Mais, Barthes se demande aussi si « la belle et touchante iconographie de l’abbé Pierre n’est pas l’alibi dont une bonne partie de la nation s’autorise, une fois de plus, pour substituer impunément les signes de la charité à la réalité de la justice. » Cette grande popularité en France ne s’est jamais démentie, les enquêtes d’opinion de la presse le plaçant indétronablement pendant une dizaine d’années (un record inégalé, après avoir succédé au commandant Jacques-Yves Cousteau, à peine éclipsé durant un an par une seconde place temporaire imputée à l’affaire Garaudy) en tête des personnalités préférées des Français, comme celles du Journal du Dimanche publiées plusieurs fois par an, jusqu’à ce qu’il demande à en être retiré en début 2004. « C’est à la fois une arme et une croix », dit-il, pour laisser la place des honneurs aux plus jeunes.

L’abbé Pierre s’est toujours appuyé sur son image grâce aux médias, depuis son appel sur Radio-Luxembourg en 1954, jusqu’à sa présence à l’Assemblée nationale en janvier 2006, en faveur de la loi SRU sur le logement social. Selon Bernard Kouchner, fondateur de Médecins du Monde, il est ainsi l’inventeur de la loi du tapage médiatique.[5]

Encore ces dernières années, malgré la maladie et l’âge, il est descendu dans la rue pour soutenir la cause des pauvres. Il a soutenu l’association Droit au logement (DAL). Un dernier combat qui fait encore l’actualité politique en pleine campagne présidentielle 2007, où les candidats se pressent pour défendre une future loi sur le logement opposable poussée par l’action médiatique d’associations de sans-logis, un texte qu’ils veulent maintenant nommer « loi Abbé Pierre, » comme avant lui son ami Coluche à qui on a attribué la loi sur les dons aux œuvres caritatives, une autre icône populaire et médiatique et pourtant si humaine de la fin du XXe siècle restée dans le cœur des Français, et que l’Abbé Pierre avait soutenu avant de devoir, lui le vieil homme, lui succéder dans son combat inachevé pour les « exclus du partage. »


[modifier] Controverse
En 1996, lorsque son ami Roger Garaudy est traduit en justice pour négationnisme suite à la publication de son livre Les mythes fondateurs de la politique israélienne, il lui apporte son soutien « à titre amical » sans avoir lu le livre, ce qui lui vaudra d’être exclu du comité d’honneur de la LICRA. Cette décision est toujours maintenue aujourd’hui : la LICRA a rayé de son histoire officielle les soutiens dont elle avait bénéficié quand elle avait admis l’abbé Pierre et elle a tu les raisons qui l’avaient poussée à l’admettre en son sein avec tous les honneurs, pour bénéficier de sa popularité, la LICRA ayant sommé l’abbé de prendre une position sur un sujet où lui-même ne s’était pas exprimé.
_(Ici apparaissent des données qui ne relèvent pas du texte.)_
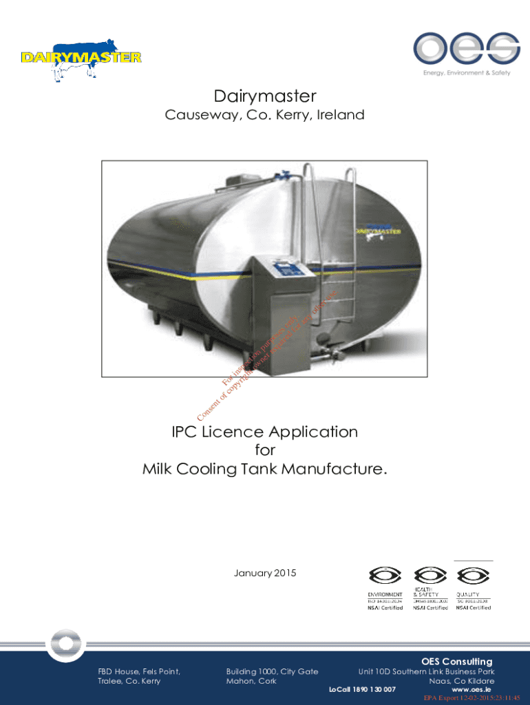 DairymasterCons ento f c Fo op r i yr ns ig pe ht ct ow ion ne pu r r rp eq os ui es re o d nl fo y. ra nyotheruse.Causeway, Co. Kerry, IrelandIPC Licence Application for Milk Cooling Tank Manufacture.January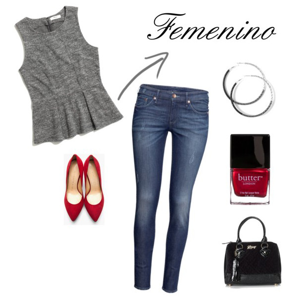 Por último, te proponemos un look femenino con jeans que debe su feminidad al «corte» tipo peplum de la blusa que da énfasis a la cintura, y al uso de color en zapatos y uñas… Este puede resultar ideal para una salida en la noche, o una salida a tomar café con las amigas.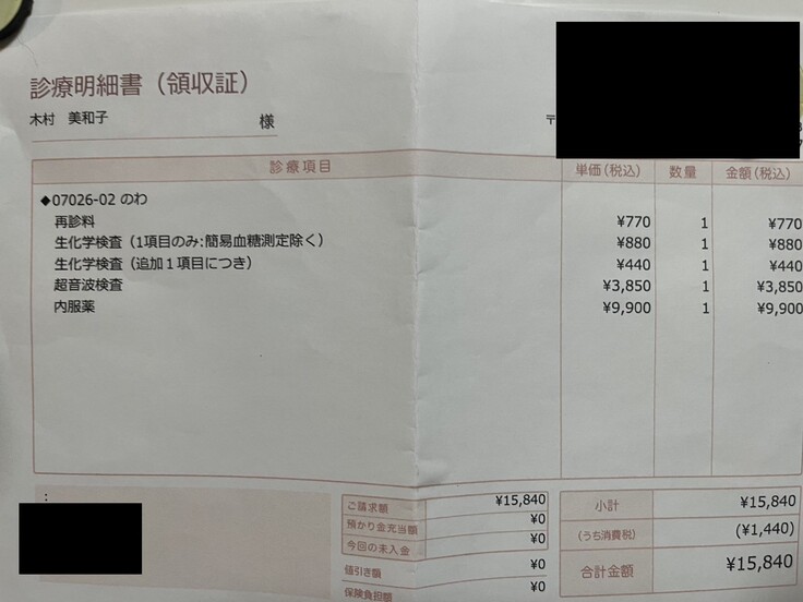 検査が一つ少なかったので金額は先月より少ないですが、お薬は同じです。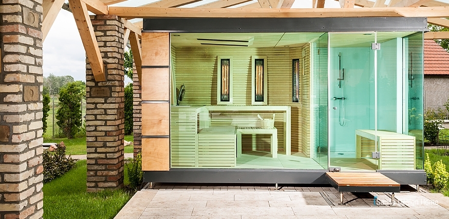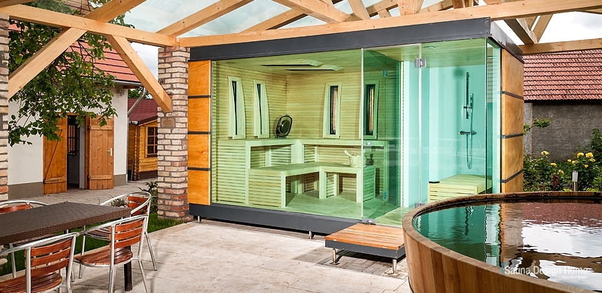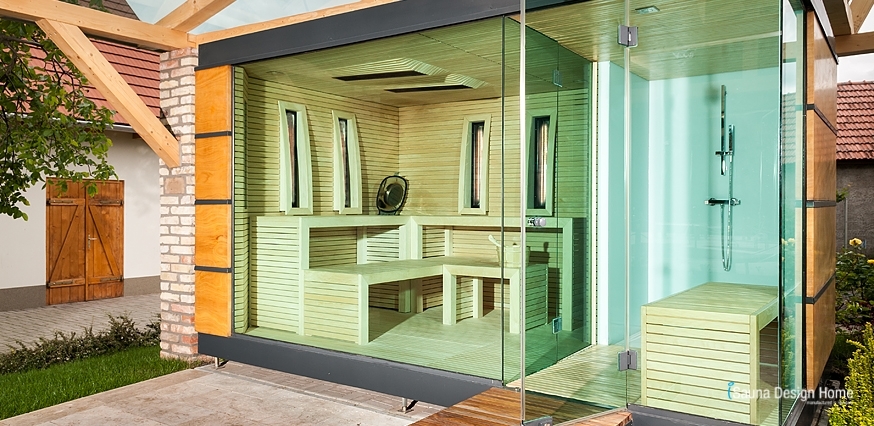 Neue Wellness Sauna Dienstleistung mit Wintergarten. Fordern Sie unsere individuelle 3D Sauna Planung und Angebot an, falls Sie den ländlichen Tourismus oder das Sauna Wellness Erlebnis zu Hause auf eine neue Ebene heben möchten.

L’abbé Pierre se démarquera ensuite des tentatives pour « nier, banaliser ou falsifier la Shoah » dont il avait été lui-même témoin. Selon les termes du quotidien L'Humanité, « ce revirement tardif ne dissipe cependant pas le malaise. »[6]

L’historien Pierre Vidal-Naquet déclara pour sa part : « Je crains que la prise de position de l’abbé Pierre ouvre les vannes d’une poussée antisémite. »[7] Cette polémique, qui meurtrira durablement l’abbé Pierre, ne reçut cependant que peu d’écho auprès de la population[8] et fut l’occasion pour nombre de Français de le soutenir en renouvelant pendant de nombreuses années[1] sa confiance dans les personnalités françaises les plus aimées (jusqu’à ce que l’abbé y mette fin lui-même).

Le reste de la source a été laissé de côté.